Они присели у холма на густую, выгоревшую на солнце траву, усеянную звездочками желтых и фиолетовых цветов.

– Немного перекусим, и пора назад. – Михаил достал бутерброды. – Ты чего скис, Егор?

– Не знаю, – Том разглядывал орла, парящего над ними. – Как будто еще нет людей. Еще не было ни войн, ни страхов. Нечего и некого делить.

– А мне нравится. – Монгол бодро захрустел огурцом. – Все такое… Первобытное. И на зоопарк не похоже. Там как тюрьма, а тут ты типа сам в гости приперся. Эх, если бы тут жил, наверное браконьером стал.

– Не романтик ты, Монгол.

– Это да.
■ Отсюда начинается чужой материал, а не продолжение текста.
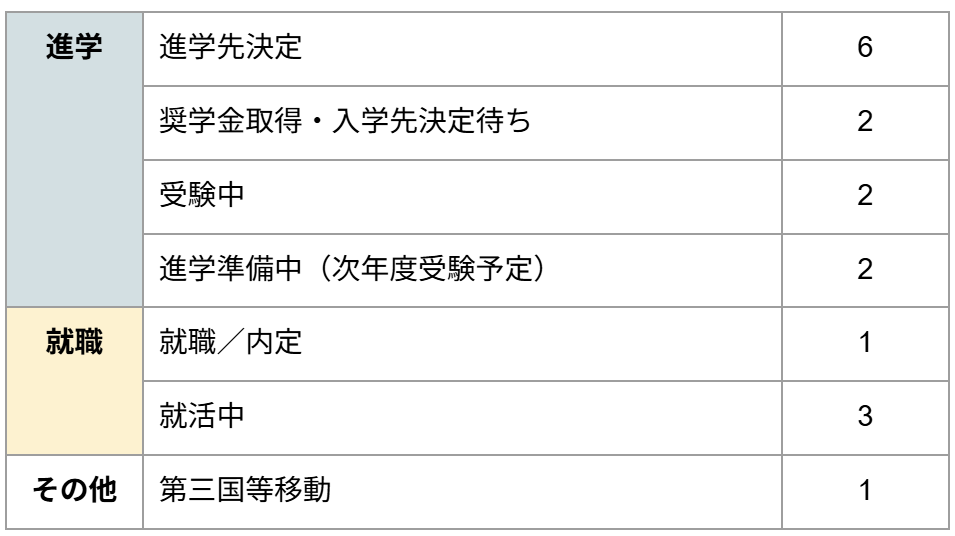 現時点の進路は以下の通りです。進学希望者のうち約7割が進路を決定、奨学金を取得することができました。

Романтика у меня еще в детском саду отстреляла, когда мы зимушку-зиму встречали.

– Это как так?

– Да так… Поначалу пели ей песни, снежинки из бумаги вырезали. А уже весной жгли ее чучело.

– Ладно, харош балдеть. Пора назад, пока не промокли. – Михаил кивнул на юг, туда, где за невысоким горбатым склоном пряталось море. Оттуда, через южный склон горной долины, быстро валили облака. Заползая в долину, они стекали на ее дно, к центру, и постепенно подбирались к ним…

Старец

Переполненные впечатлениями, они возвращались назад. Короткий сон давал о себе знать: реальность будто притупилась, потеряла свою резкость, и все, что они видели, тоже казалось каким-то волшебным коллективным сновидением. Уже на склоне Миша продолжил свой рассказ.
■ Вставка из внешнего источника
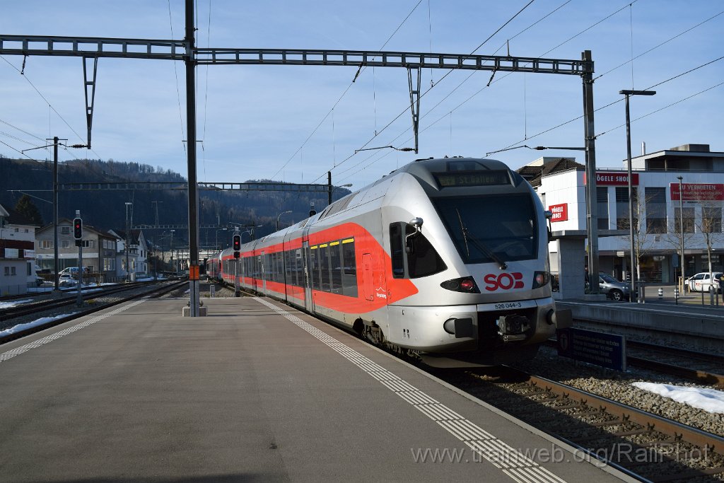SOB RABe 526.052-6 "Schnabelsberg" + RABe 526.044-3 "Morgartenberg" / Wattwil 26.2.2019 Download

– Помню, подошел я к зеркалу. А оттуда на меня смотрел воспаленными глазами какой-то незнакомый человек. Изможденный, высохший, с язвами на желтом лице и руках. Рак-отшельник, по недоразумению судьбы лишившийся своей ракушки. Испуганный, воспринимающий все обостренно, уже готовый всех любить и боящийся своего нового состояния.

Но уже совсем скоро ко мне стала возвращаться моя старая, «бытовая» логика. Я ловил себя на мысли: ведь если всерьез, если до конца отнестись к своему откровению, то прощай, вольница, здравствуй – труд. Я спрашивал себя, что скажет совесть, и она, обновленная, говорила: даже не думай о прошлом. Просто иди дальше и не бойся.

Михаил замолчал.

– Так, может, ты изобрел эликсир истины? – усмехнулся Том.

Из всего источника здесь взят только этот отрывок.